I need to see lambdas working for me on gcc.
Will be posting in the Intel Compiler forum. If anyone here knows how to solve the problem, then please help out coz I'll be referring this thread too.
If I get any pointers I'll contribute back to this thread.

"I need to see lambdas working for me on gcc."
Can you explain that? For TBB, lambdas are just sugar (you don't need them), so how is this going to affect your decision about TBB if the decision to use g++ has already been made?

Quoting - Raf Schietekat
"I need to see lambdas working for me on gcc."
Can you explain that? For TBB, lambdas are just sugar (you don't need them), so how is this going to affect your decision about TBB if the decision to use g++ has already been made?

Dear Raf, let me assure you that I'm not playing a game here. There are certain constraints I'm working with, and would be really grateful if the lambda problem is answered.

"Dear Raf, let me assure you that I'm not playing a game here.

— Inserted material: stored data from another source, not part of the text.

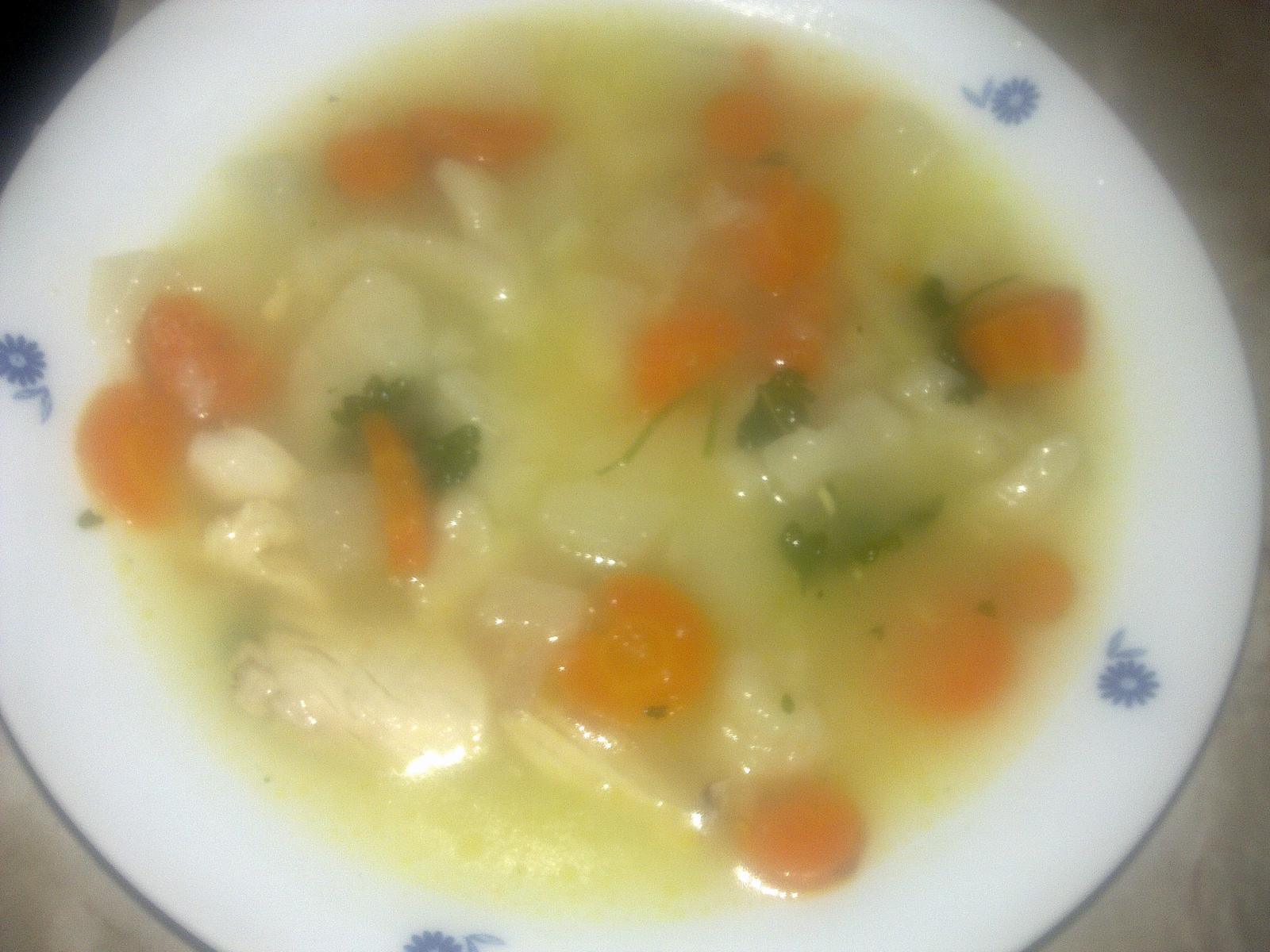 My dnes hrstkova polievka, kuracie v cesticku,zem.kasa,paradajkovy salat, zajtra zemiakovoluskovy privarok,vajicko,polievka este zostala.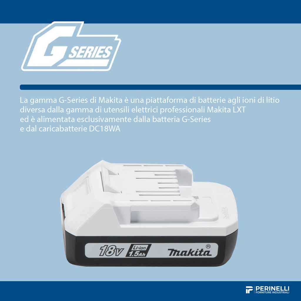 Tempo di ricarica circa 70 minuti con caricabatterie DC18WA serie G.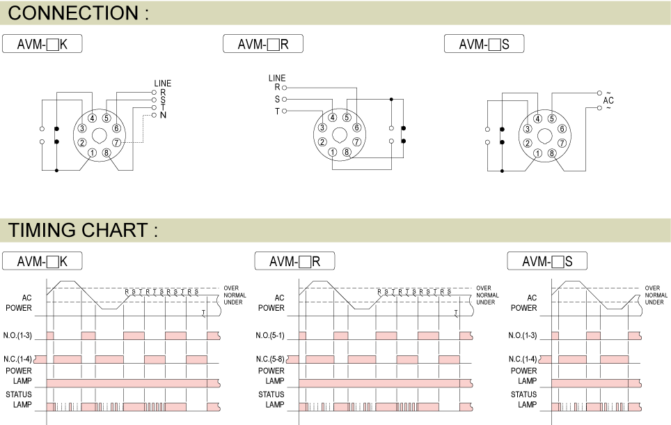 Prev Next Protective Relay Voltage Relay AVM MONITORING & PROTECTION RELAY Add to inquiry Inquiry list Description Wiring and timing diagrams Overall dimensions or other Download Protect against: -Over Voltage (5%~20%) -Under Voltage (5%~20%) -Phase Reversal -Phase Loss -Phase Unbalance (±20%) Phase Loss is monitored at start-up and while operating Fixed 3 second delay for Phase Unbalance AVM Catalogue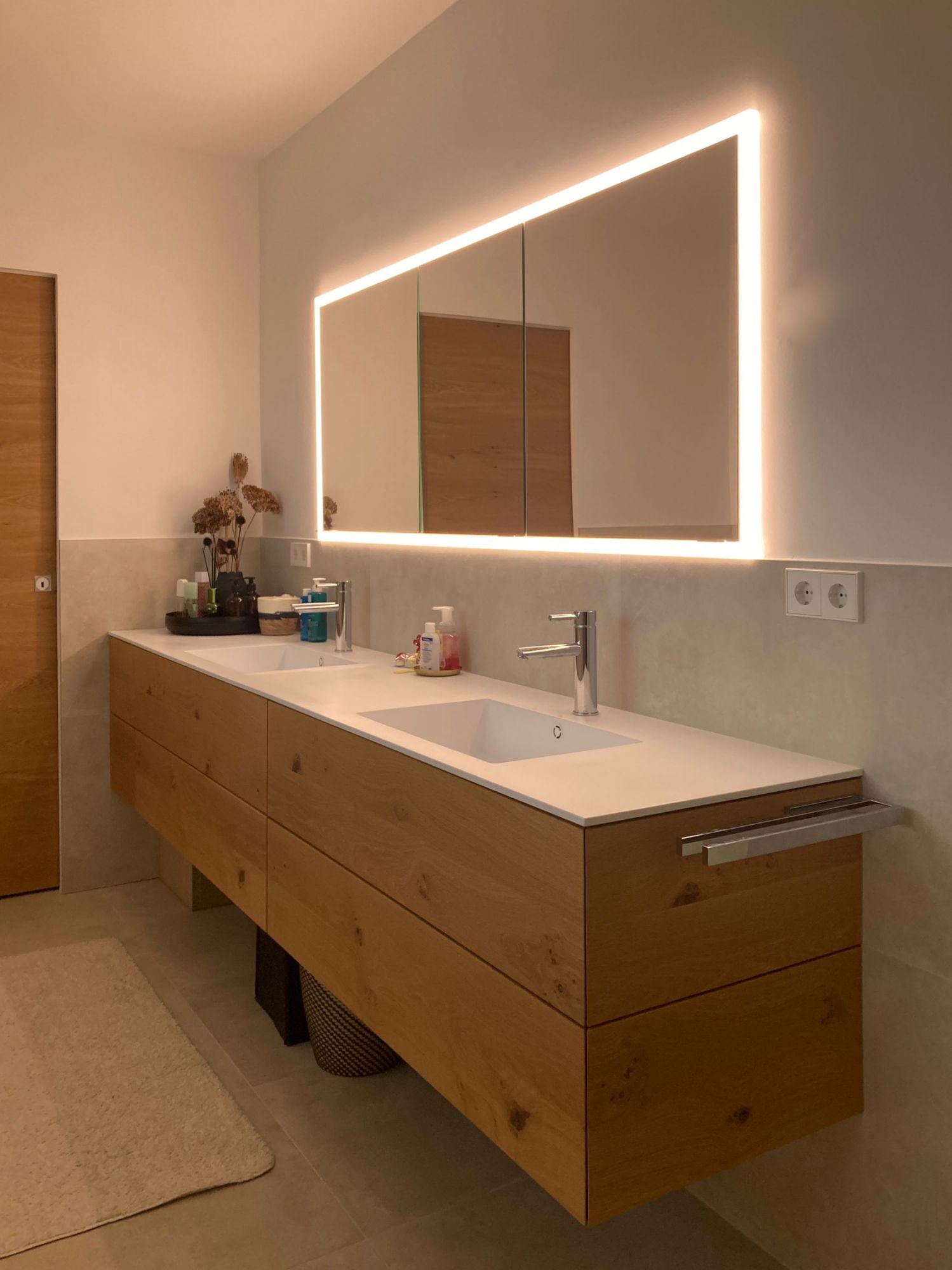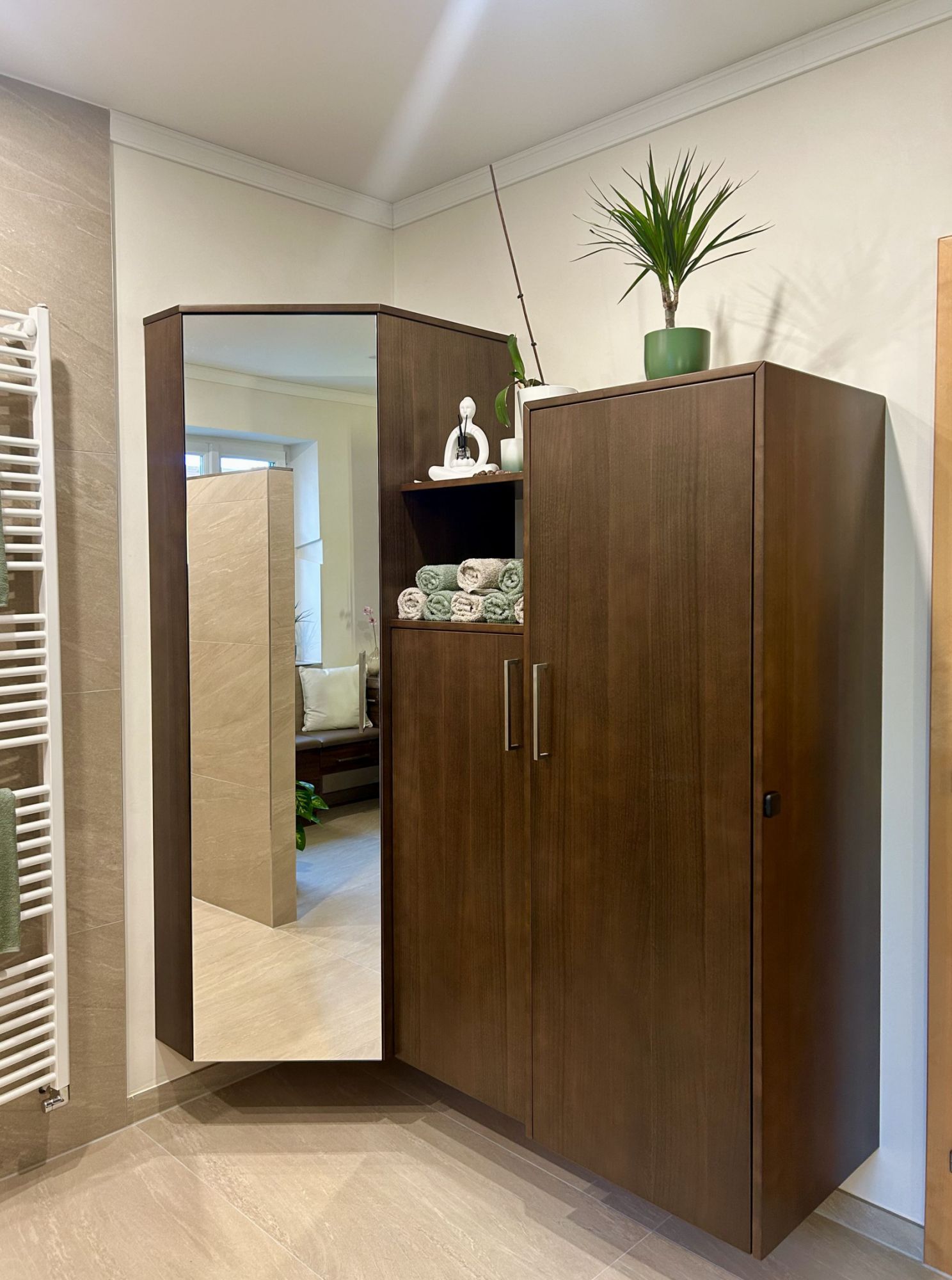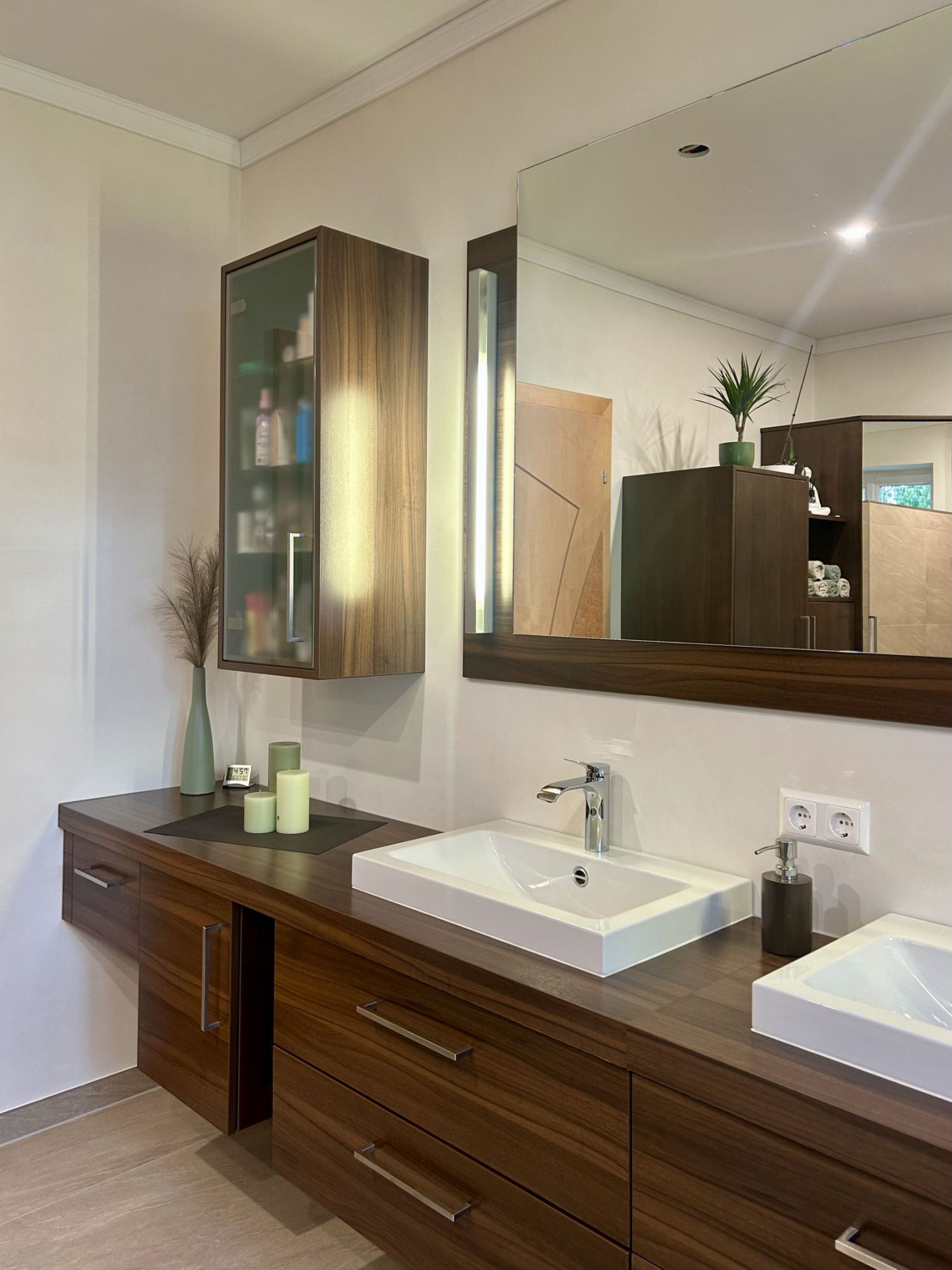 Ein Badezimmer aus Holz schafft eine Atmosphäre von Wärme, Ruhe und Natürlichkeit. Unsere Tischlerei fertigt maßgeschneiderte Badmöbel, die Funktionalität und Design harmonisch vereinen.

There are certain constraints I'm working with, and would be really grateful if the lambda problem is answered."
You can both motivate and help us to help you by providing an answer to my question.

Quoting - Raf Schietekat
"Dear Raf, let me assure you that I'm not playing a game here. There are certain constraints I'm working with, and would be really grateful if the lambda problem is answered."
You can both motivate and help us to help you by providing an answer to my question.

Okay, I trust you have a reason for asking so:

Taking the reference of one of my previous posts:
http://software.intel.com/en-us/forums/showthread.php?t=70511

Firstly, I was very surprised that the parallel_for was made in such a way that it always required a function object (the obvious comparison which went with OpenMP, that if it's just a simple pragma there, then why not something simple here too).
This brings forward the coding complexity and amount of code that has to be written for developing a large application. Obviously the use of lambda's is going to simplify and reduce the time taken for me to do my work.

When Intel says that the amount of coding to be done using TBB is much lesser, they were comparing it with ordinary threading. Apparently, the amount of coding would be lesser than or equal to, if I use OpenMP.

Secondly, there are plenty of programmers who need to work with gcc. Learning complex TBB would not be much of an incentive to a programmer if lambda's (or any other feature that simplifies TBB) did not work in gcc (am mentioning this knowing that lambda's are feature of c++0x and not TBB).

Thirdly, I'm well aware that Intel encourages the use of OpenMP for specific type of programming needs. But for now, I need to use lambdas in place of function objects in my TBB program which has to be compiled with gcc 4.4.2. Could anyone help out?

Quoting - Nav
@Alexy and Robert:
Thanks, but using gcc is a 'have to' for me right now.
I need to see lambdas working for me on gcc.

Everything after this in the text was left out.